Dietary supplements were extracted with methanol and the extracts were spotted on cellulose TLC plates. A CAMAG TLC MS interface combined with an LC system was used for eluting the analytes from the TLC plate and subsequent infusion into the mass spectrometer. Under the experimental conditions used, this approach enabled the interrogation of dietary supplement spots for a time period of approximately 1.5 min. A typical total ion response is shown in Fig. 2.3a. By extracting all ion signals at the plateau of the total ion chromatogram, a 3D driftscope image is generated (Fig. 2.3b). Note the relatively broad ion distribution at m/z 611 indicating insufficient resolution to separate the protonated ions of hesperidin and rutin under the TWIMS conditions used. However, two well-separated ion signal distributions were observed for the sodiated ions, [M + Na]+, of those two flavonoid glycosides (m/z 633). The selected ion signals with m/z 633 show better signal-to-noise ratios than the protonated molecules [M + H]+ at m/z 611 (Fig. 2.3d, e). Under the TWIMS conditions used, hesperidin ([M + Na]+, m/z 633.18) and rutin ([M + Na]+, m/z 633.14) had drift time distributions centered around 5.21 and 5.97 ms, respectively.

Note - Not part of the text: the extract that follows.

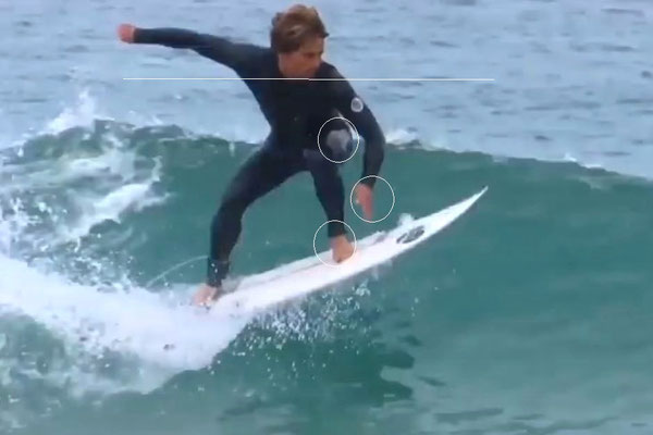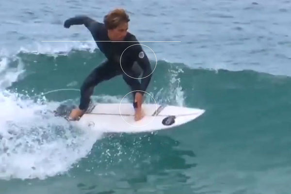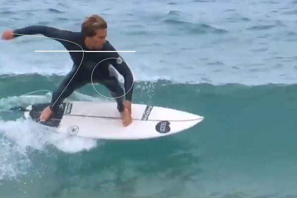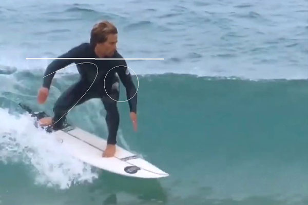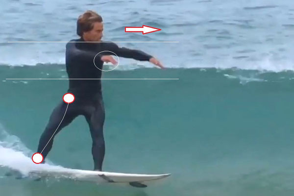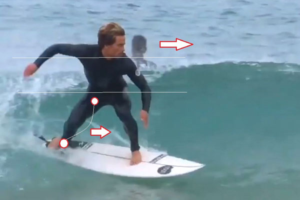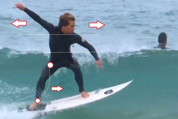 ボトムターンに入る時にも右手の振りを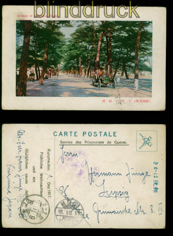 Deutsches Reich Feldpost 1. Weltkrieg KGF aus Japan Lager Kurume 1917 nach Leipzig Kriegsgefangenenpost als Ansichtskarte aus Japan aus dem Lager Kurume Ansichtskartenmotiv: Avenue of pine-tree, Chiyo Weihnachtsgrußkarte Kurume, den 1. Dez. 1917 gelaufen 1.12.1917 nach Leipzig Erhaltung siehe Scan

Dried spot analysis of phytochemicals in dietary supplements with electrospray ionization TWIMS–MS. a Total ion chromatogram of a dietary supplement spotted on cellulose TLC plate, extracted from the plate, and infused into the mass spectrometer. b Driftscope image (drift time versus m/z) and c the integrated mass spectrum over the entire range of drift time distributions measured under the current conditions (m/z range 100–1,200 Da). Note the broad ion assemblies at m/z 611 and the two ion distributions with similar m/z values at m/z 633 but clearly different drift time distributions. d and e Comparison of drift time distributions of ion signals observed for two over-the-counter dietary supplements that contain both flavonoid diglycosides, hesperidin ([M + Na] m/z 633.18, dt 5.21 ms), and rutin ([M + Na] m/z 633.14, dt 5.97 ms). Drift time distributions were obtained by selecting the ions at m/z 633 with the quadrupole device Q1 followed by gas-phase separation of the ions in the TWIMS cell. In e, the mass spectrum has a different m/z scale than in d to illustrate that the ion signals for both flavonoid diglycosides ([M + Na]+) are observable at the m/z scale
In order to obtain structural information, the ions at m/z 633 were subjected to tandem mass spectrometry using the transfer region of the TriWaveTM device. Transfer fragmentation was conducted by selecting the ions at m/z 633 using the quadrupole device. Ions were then separated in the T-wave ion-mobility cell and subsequently subjected to collision-induced fragmentation in the transfer region (Fig. 2.4a). Applying elevated collision energy to the transfer device causes fragmentation of the mobility-separated precursor ions. Because the fragment ions preserve their velocity of the precursor ion, the fragment ions align with the drift times of the precursor ions. The ions at m/z 633 were selected in the quadrupole region, separated in the T-wave cell, and subsequently fragmented by collisions in the transfer region. The integrated fragment ion spectrum is shown in Fig. 2.4b. In Figs. 2.5 and 2.6, the fragment ion mass spectra of the sodiated molecular ions of hesperidin and rutin are shown, respectively. The time-aligned and compound-specific ions were extracted for each of the flavonoid glycosides separately. Because transfer dissociation experiments were conducted using sodiated precursor ions, the fragment ions are sodiated as well. Fragment ions of the rutinoside moiety dominated the spectrum for both species. The observed fragment ions are indicated in the schematic presentation of the two flavonoid glycoside structures.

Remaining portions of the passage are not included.